In less than a year, I will move far away from all of this to take a job in the History Department of a certain public university in Southern California. So this blog is a last chance to document my impressions of the midwestern landscape and culture before we move away, and inevitably it will be something of a nostalgia trip. Although I promise to keep the nostalgia level down, I don't think I can do this blog without periodic doses of personal history. So to keep it real, I will try to connect the personal to the global as much as possible, and so am introducing a posting category: everyday artifacts of globalization.

I spent about 10 summers in northern Michigan at a YMCA summer camp, first as a camper and then as an employee leading wilderness trips. As it happens, this camp was pretty close to East Jordan, Michigan, and I recall driving by the foundry there several times. So when I moved to Champaign, Illinois, in the early 1990s I immediately noticed that most of the storm drains were stamped "EAST JORDAN IRON WORKS," and it made me feel a little more at home.

Later, when I was writing my dissertation, I discovered that the sociologist who wrote the seminal work on transient workers, Nels Anderson, grew up near East Jordan, and his immigrant father worked in the foundry to supplement the income from the family's farm. The iron works was established in 1883, when northern Michigan's white pine forests were being clear cut by a largely immigrant workforce to supply the nation with telegraph poles and construction timber.

East Jordan was not a big town then, and it's probably smaller now. So I was very surprised to discover that the East Jordan Iron Works is a multinational corporation with foundries in Ireland, France, Brazil, and Asia, as well as in the American South. It found a market niche for cast iron--storm drains, meter boxes, etc.--and bucked the trend of the US steel industry, all the while maintaining its headquarters in a decidely out-of-the-way place.
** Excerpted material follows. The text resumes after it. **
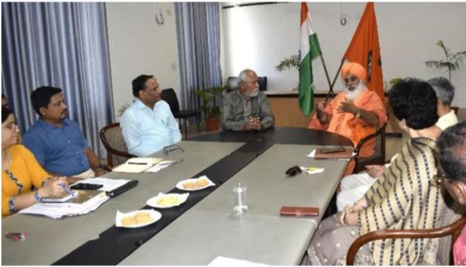
Sant Balbir Singh Seechewal interacting with CUPB faculty members

While interacting with faculty and officers of the university in a special interaction session, Sant Balbir Singh Seechewal stated that clean air, clean water and clean food are the fundamental rights of every citizen. However, the contamination of harmful pollutants in air, water, and soil causes not only environmental destruction but also a rise in global temperature.

All of this is to say that artifacts of globalizations past and present are literally right under our feet. More later.

3 comments:

Feral Mom said...

I like the "autobiographical turn" in Global Heartland studies, and I really like this project. Always have, always will. Mind if I blogroll you?

Toby Higbie said...

Thanks for the support, Feral. Blogroll away, it's a free country, or at least it used to be. At any rate these tubes we call the internets are still free-ish.

Tim Lacy said...

Autobiography is good, as is the idea behind this entire blog of course.